Excerpted from “Not Enlightened, But Lighter.” Listen to the full conversation here.


In 2011], I hit rock bottom. I was lying on the floor, crying, and I felt like my heart was going to explode. Something clicked in that moment, and I realized that I had been lying to myself. If I wanted to pull myself out of it and build a whole new life, I knew that I needed to start telling myself the truth. At that time, I totally put my foot down and said no to any more hard drugs. But I knew that alongside this, I needed to be truly honest with myself. Thats what got me started on this journey of getting to know myself, of sitting with difficult emotions, and opening a new doorway to loving myself properly. . .

Sometimes people think that self-love is just giving yourself whatever you want. But giving yourself whatever you want can make you sick, unhealthy, and unhappy. When I think about self-love, I define it as doing what you need to do to heal and free yourself. This type of self-love can open the door to unconditional love for all beings. As I’ve become more compassionate with myself in learning about how my mind works, when I see others struggling in ways similar to how I’ve struggled, it’s easier for me to be kinder and softer with them and to meet them at their pace.

[Importantly, however], self-love is not martyrdom. Anything taken to an extreme becomes unhelpful. If youre just constantly giving and you spend no time taking care of yourself, then you’re going to end up incredibly depleted. The Buddha was constantly helping people, but he always set aside a few hours a night when he would rest, meditate, and take care of himself. Being able to balance giving with taking care of yourself is a strong middle path that we should try to emulate. . .

Self-acceptance is [another] critical aspect of self-love. When you begin turning inward and paying attention to the fluctuations of your emotions, you start seeing some pretty rough stuff.
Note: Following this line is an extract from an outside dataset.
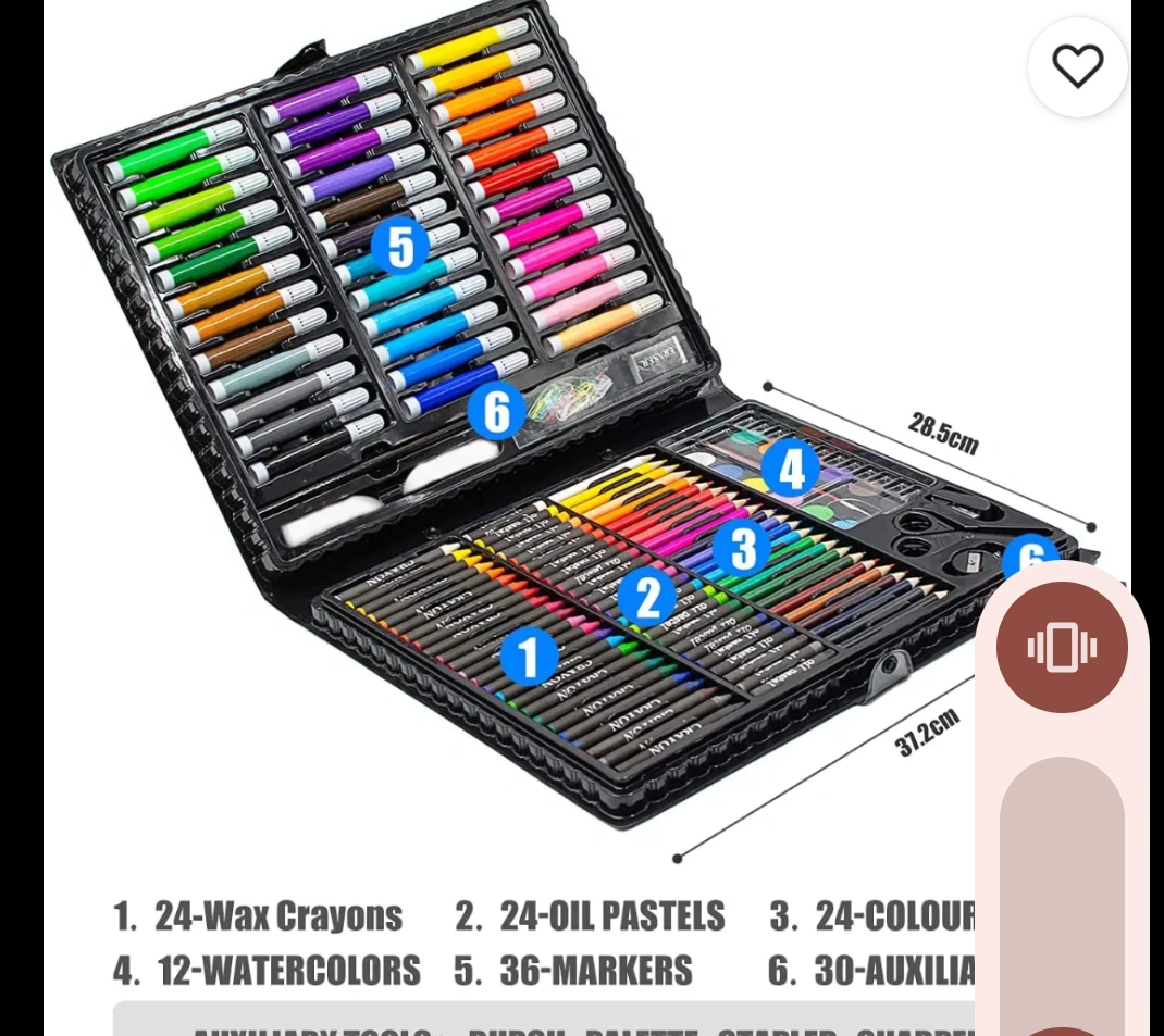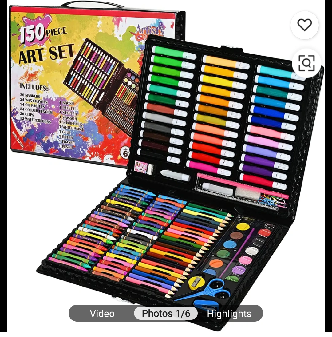Large art set, perfect for kids. Includes crayons, markers, pastels, watercolours, pencils, and more. Convenient carrying case. Great for school or home use. 6 set available

You start seeing your own history, and you might awaken memories that youve been running away from. Being able to engage with yourself through a medium of acceptance makes deeper healing possible. Without acceptance, youre not going to be able to go very deep.
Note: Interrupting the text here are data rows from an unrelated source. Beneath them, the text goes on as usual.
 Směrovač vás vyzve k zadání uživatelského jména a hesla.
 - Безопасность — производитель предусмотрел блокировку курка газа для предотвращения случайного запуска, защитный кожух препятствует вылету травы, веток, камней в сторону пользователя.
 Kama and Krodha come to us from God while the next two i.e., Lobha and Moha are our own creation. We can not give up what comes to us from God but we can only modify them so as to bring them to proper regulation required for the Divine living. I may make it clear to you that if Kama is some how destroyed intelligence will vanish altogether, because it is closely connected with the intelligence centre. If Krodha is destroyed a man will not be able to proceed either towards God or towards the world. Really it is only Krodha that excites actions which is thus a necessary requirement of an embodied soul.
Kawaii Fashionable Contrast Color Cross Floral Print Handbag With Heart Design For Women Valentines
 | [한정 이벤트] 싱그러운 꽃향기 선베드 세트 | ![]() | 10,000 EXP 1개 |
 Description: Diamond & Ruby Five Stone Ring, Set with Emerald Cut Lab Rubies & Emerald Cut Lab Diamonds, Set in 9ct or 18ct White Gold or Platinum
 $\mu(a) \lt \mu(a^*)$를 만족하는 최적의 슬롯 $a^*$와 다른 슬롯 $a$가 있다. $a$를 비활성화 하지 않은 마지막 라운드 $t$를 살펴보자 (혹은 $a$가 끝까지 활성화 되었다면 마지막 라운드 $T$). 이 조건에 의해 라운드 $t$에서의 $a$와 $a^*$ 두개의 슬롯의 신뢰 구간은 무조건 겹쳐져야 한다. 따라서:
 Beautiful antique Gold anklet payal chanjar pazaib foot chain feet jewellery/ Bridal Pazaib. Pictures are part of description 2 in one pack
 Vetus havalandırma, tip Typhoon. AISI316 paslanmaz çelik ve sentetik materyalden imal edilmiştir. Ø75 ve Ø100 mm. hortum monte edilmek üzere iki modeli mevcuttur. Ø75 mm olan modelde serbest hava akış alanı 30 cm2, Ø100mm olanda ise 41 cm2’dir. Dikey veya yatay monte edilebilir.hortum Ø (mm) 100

Self-love is also an active mode of existence. When I hit rock bottom, I was incredibly unhealthy. I was not taking care of myself, and I would run away from myself by seeking anything that I found pleasurable, whether that was smoking marijuana to the point that I was totally numb or eating food that had no nourishment. I started building positive habits like feeding myself better, going for walks, and eventually meditating two hours a day. It was difficult and took time to build those habits. But one of the most important things I’ve done for myself is realize that I have to bring meditation into my daily life. I need to make time so that I have two pillars of my day of meditating: one hour in the morning and one hour in the evening. Having done that since 2015, I’ve realized that meditation has been a critical part of my life that everything else is built around. If it weren’t for this habit of getting myself to meditate each day, everything would be worse off than it is now: my relationships with my parents, friends, and my work. . .
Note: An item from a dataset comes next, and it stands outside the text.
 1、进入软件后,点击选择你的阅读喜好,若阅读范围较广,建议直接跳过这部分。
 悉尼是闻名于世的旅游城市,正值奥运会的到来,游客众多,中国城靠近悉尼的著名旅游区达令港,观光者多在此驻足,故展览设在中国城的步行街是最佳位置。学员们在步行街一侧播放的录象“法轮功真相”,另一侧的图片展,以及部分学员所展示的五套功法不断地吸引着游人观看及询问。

I found that when I started meditating, creativity started being infused in my daily life—not just creativity in terms of art or writing, but creativity in the sense of seeing relationships and experiences in new ways. Meditation didnt change what I had gone through. It didnt change the poverty that I experienced as a child, or my experiences of immigration and racism. Instead, it helped take the energy away from those experiences so that they were still part of my story, but the story didnt feel as heavy anymore. When that started happening, I was able to connect with this bubbling creativity. Everyone has access to that creativity. When you start meditating and deeply healing yourself, you’re going to be able to produce from a space of compassion, from a healed space, and from a much more creative space.

This excerpt has been edited for length and clarity.